Genomic DNA is purified, and the short tandem repeat (STR) regions of interest are amplified using the polymerase chain reaction (PCR). The amplification products, generally less than 500bp in size, are analyzed on a denaturing polyacrylamide gel. Allelic ladders containing fragments of the same size as several or all known alleles are run on the gel alongside the amplified samples. Comparison of sample and allelic ladders allows easy interpretation of amplified alleles. After electrophoresis, alleles are detected by silver staining, fluorescent detection or the use of radioactivity.


ii. Given is the STR size of three different loci PEZ01, DCB2010 and UCB2079 from Rover, Spot, Max, and Spot’s mother. It is believed that STRs are sexually transmitted, but within a population, only one loci will be transmitted to the offspring either from maternal or paternal side. Spot has two different sizes of loci PEZ01, 125 and 135, its one of the STR matches with that of Snookums’s STR, but it is not possible to decide the father of Spot with this STR because both Rover and Max had a 135 sized STR.

iii.

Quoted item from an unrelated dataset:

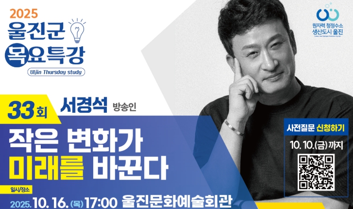 [무한뉴스=최진수 기자] 울진군은 오는 10월 16일 오후 5시 후포면 울진문화예술회관에서 제33회 울진군 목요특강을 개최한다.

Spot also exhibited the STRs of loci DCB2010 of 230 size which matches with the same loci of Rover, and UCB2079 of 78, 95 kDa, which matches one of the UCB2079 loci of Rover, 95. Therefore, the data indicates that the Rover is the father of Spot.

iv. Some of the loci may be lost during crossing-over during meiosis i.e., during formation of sperm or ovum. Thus it can be expected the existence of one or no product for the same loci in an individual.